Detection and typing of human papillomaviruses combining different methods: polymerase chain reaction, restriction fragment length polymorphism, line probe assay and sequencing.

The identification of the etiological factor of many cervical precancerous lesions and cervical cancer, the human papillomavirus (HPV) is widely used. In this study, we evaluated the consensus and type-specific (TS) polymerase chain reaction (PCR), restriction fragment length polymorphism (RFLP), line probe assay (LiPA, Innogenetics) and sequencing to determine the HPV types in cervical specimens.
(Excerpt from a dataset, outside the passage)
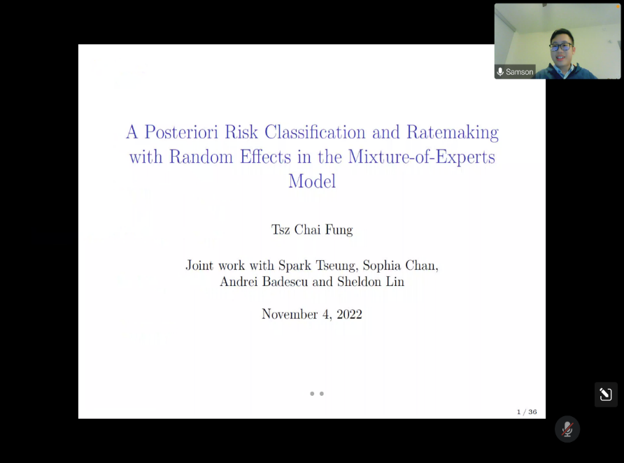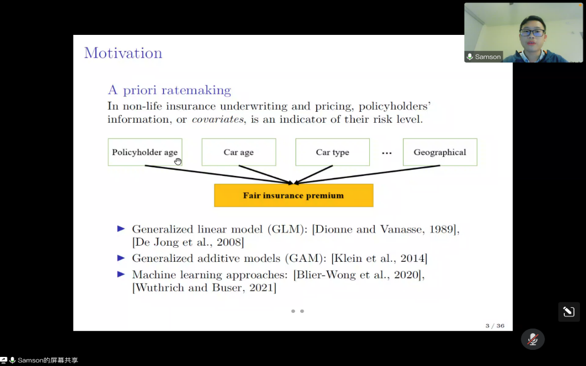 2022年11月4日上午9:30,应中国精算研究院池义春研究员邀请,乔治亚州立大学风险管理与保险系助理教授冯子齐(Tsz Chai Fung)博士在线上为我院师生作了一场精彩的学术报告。

Out of 690 High-grade Squamous Intraepithelial Lesion (HSIL) samples, 86.7% were HPV positive and 13.3% HPV negative by consensus primers (MY09/MY11, L1C1/L1C2-1/L1C2-2 and/or GP5/6) directed PCR. Out of 598 HPV positive samples, 85.3% were typed by TS-PCR being HPV 6/11, 16, 18, 31 and/or 33, while 14.7% remained untyped. The most prevalent HPV type in the study group was HPV 16, identified in 35.5% cases, while HPV 31 was the second most frequent HPV type with a prevalence of 10.5%. They were followed by HPV types 6/11, 33 and 18 with a prevalence of 7.4%, 6.2% and 4.9%, respectively. Multiple HPV infections with two or more HPV types (6/11, 16, 18, 31 and/or 33) were found in 9.4% cases. A subset of 88 samples was further typed by RFLP and LiPA to determine the rare HPV types in HSIL samples. The most frequent low abundant HPV types in single infections in decreasing order were HPV 53, 58, 66, 56 and 52, while HPV 51 was the most frequent low abundant HPV type found in multiple HPV infections. Multiple HPV infections were mostly found by LiPA in 27.3% cases versus 14.8% cases found by RFLP. The perfect agreement between RFLP and LiPA assay pair was observed only for HPV types 16, 18, 34 and 59 (kappa value of 1). For other HPV types, the inter-assay agreement ranged from very good to no agreement indicating that neither assay is perfect. Sequencing was performed for 33 samples in cases where both RFLP and LiPA were inconclusive. Sequencing was shown to be a very good method in case of single HPV infection but not applicable in case of multiple HPV infections. Both RFLP and LiPA are good assays for epidemiological studies, although RFLP being cumbersome and time-consuming is less applicable than LiPA. Careful consideration has to be made before the implementation of either HPV typing methods in clinical laboratories.